De heer Kamp raakt in zijn motie een ander punt. Hij verzoekt de regering om concreet initiatieven tot de ontwikkeling van bioscienceparken te ondersteunen. Ik heb in het AO gezegd dat ik contact opneem met mijn collega van Economische Zaken. Als bedrijven die in deze richting activiteiten willen ontwikkelen, een vestiging willen openen of een bedrijventerrein willen realiseren, of als gemeenten een dergelijke ontwikkeling willen propageren, dan moeten wij niet alleen vanuit economische invalshoek, maar ook vanuit het oogpunt van veiligheid alles in het werk stellen om een dergelijk project tot een succes te maken. Ik zal haar dat voorstel doen. Ik heb ook gezegd dat de grenzen van de staatssteun buitengewoon nauw moeten worden bewaakt. Of ik positief kan reageren op de motie hangt af van de wijze waarop dat gebeurt. Als de Kamer mijn interpretatie van de motie accepteert in de zin dat ik samen met de minister van Economische Zaken zal bezien welke maatregelen genomen moeten worden om een project tot een succes te maken, dan heb ik geen bezwaar tegen de motie. Als de heer Kamp van mening is, zoals hij in het algemeen overleg was, dat wij zelf het initiatief moeten nemen tot een dergelijke ontwikkeling of dat wij een dergelijke ontwikkeling financieel moeten ondersteunen, dan moet ik het aannemen van de motie ten sterkste ontraden.

De heer Kamp (VVD):

Ik interpreteer de motie nu zoals de minister dat doet.

Minister Ter Horst:

In dat geval laat ik het oordeel over de motie over aan de Kamer.

De heer De Roon vraagt de regering bij motie om een stevige repressieve aanpak van het dierenrechtenterrorisme door infiltratie et cetera. Ik heb al aangegeven dat het de regering ernst is met het optreden tegen dierenrechtenactivisten. Wij zijn echter van mening dat de term "terrorisme" daar niet op van toepassing is. Er zou een situatie kunnen ontstaan waarvan je zegt dat het in hetzelfde vlak valt, maar dat is nu niet het geval. Dan moeten wij het naar de mening van de regering ook niet doen. Wij ondernemen allerlei activiteiten om ervoor te zorgen dat het het dierenrechtenactivisten zo moeilijk mogelijk wordt gemaakt als zij andere dan wettelijke mogelijkheden kiezen om hun opvattingen helder te maken.

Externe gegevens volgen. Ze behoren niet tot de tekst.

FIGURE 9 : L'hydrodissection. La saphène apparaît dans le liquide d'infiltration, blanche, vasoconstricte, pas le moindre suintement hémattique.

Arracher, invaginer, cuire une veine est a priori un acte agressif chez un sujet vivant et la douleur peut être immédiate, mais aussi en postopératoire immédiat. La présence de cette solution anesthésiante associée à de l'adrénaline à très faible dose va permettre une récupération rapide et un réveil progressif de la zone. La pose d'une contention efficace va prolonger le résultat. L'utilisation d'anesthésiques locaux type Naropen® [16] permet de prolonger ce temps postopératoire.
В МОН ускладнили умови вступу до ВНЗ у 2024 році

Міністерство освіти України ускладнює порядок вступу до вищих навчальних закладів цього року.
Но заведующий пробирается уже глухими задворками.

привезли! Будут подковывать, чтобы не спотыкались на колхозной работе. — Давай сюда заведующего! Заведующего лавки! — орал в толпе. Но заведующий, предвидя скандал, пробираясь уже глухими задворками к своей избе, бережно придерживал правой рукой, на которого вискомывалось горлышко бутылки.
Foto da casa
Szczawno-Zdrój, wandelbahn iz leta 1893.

Wij hebben ook al eerder naar aanleiding van een motie van het CDA afgesproken dat wij in de wet Extreme overlast die binnenkort naar de Kamer gaat, zullen aangeven dat die wet ook van toepassing is op dierenrechtenactivisten. De regering heeft daarom geen behoefte aan deze motie en is het bovendien niet eens met de terminologie.

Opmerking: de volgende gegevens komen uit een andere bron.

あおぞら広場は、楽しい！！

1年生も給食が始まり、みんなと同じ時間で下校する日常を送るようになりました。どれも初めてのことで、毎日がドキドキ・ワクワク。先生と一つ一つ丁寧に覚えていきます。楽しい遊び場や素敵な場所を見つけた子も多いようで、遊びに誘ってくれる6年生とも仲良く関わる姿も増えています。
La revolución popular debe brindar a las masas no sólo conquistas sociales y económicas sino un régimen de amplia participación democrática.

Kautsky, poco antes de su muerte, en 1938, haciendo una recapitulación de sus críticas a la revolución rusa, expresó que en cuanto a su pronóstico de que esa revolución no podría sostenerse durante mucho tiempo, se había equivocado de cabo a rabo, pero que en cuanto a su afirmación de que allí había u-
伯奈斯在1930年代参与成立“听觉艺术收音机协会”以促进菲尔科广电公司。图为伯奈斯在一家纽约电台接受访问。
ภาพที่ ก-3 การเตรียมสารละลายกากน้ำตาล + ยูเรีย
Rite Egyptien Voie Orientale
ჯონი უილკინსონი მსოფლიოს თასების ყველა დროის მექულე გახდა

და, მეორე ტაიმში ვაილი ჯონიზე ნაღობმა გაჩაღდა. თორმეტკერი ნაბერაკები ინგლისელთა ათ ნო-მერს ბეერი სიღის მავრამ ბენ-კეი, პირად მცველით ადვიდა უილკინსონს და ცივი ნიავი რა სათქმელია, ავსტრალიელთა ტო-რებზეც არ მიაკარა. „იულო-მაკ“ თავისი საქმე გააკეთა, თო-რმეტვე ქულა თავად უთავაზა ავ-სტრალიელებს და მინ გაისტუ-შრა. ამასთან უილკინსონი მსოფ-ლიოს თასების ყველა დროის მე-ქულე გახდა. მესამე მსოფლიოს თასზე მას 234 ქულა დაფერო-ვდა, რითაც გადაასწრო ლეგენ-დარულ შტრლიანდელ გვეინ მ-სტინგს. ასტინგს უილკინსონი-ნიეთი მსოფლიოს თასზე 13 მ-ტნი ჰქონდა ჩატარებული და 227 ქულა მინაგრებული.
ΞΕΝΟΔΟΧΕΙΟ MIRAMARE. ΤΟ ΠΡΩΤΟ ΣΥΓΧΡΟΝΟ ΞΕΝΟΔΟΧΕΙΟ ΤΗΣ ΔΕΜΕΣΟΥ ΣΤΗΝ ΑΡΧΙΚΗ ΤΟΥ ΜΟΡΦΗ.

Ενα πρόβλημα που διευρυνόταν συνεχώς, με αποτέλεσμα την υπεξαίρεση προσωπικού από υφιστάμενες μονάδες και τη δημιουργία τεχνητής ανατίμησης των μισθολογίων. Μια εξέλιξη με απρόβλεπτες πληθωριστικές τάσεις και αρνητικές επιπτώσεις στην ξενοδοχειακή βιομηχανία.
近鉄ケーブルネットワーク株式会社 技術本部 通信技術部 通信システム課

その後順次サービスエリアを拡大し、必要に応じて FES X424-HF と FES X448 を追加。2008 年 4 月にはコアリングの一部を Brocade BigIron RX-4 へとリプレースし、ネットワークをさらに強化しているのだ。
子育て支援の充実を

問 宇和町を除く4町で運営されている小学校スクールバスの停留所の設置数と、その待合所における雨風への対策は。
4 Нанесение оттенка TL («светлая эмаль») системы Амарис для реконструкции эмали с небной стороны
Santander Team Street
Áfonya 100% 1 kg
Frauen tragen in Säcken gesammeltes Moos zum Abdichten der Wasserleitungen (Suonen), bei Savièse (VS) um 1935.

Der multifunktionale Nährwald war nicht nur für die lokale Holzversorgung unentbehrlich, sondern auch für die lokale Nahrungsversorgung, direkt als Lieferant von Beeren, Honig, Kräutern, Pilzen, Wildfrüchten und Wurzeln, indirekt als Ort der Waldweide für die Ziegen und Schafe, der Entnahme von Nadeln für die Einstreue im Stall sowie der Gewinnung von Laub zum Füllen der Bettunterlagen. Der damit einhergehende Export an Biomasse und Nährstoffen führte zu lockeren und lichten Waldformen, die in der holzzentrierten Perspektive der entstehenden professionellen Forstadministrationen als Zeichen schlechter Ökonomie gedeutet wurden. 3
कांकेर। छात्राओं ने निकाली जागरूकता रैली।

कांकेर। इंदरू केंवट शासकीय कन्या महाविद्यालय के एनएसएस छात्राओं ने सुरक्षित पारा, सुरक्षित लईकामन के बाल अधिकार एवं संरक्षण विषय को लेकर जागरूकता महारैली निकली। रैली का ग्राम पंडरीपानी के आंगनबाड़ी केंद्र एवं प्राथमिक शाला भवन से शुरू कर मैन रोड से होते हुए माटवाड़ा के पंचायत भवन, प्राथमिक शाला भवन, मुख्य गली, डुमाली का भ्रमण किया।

In zijn tweede motie vraagt de heer Van Roon in contact te treden met de investeerder die zich heeft teruggetrokken uit het project in Venray. Dat gaat de regering absoluut te ver. Ik heb net in reactie op de motie van de heer Kamp al aangegeven waar onze grenzen liggen. Dit ligt daarbuiten, dus moet ik ook aanneming van deze motie ontraden.

De beraadslaging wordt gesloten.

De voorzitter:

Ik dank de minister voor haar beantwoording.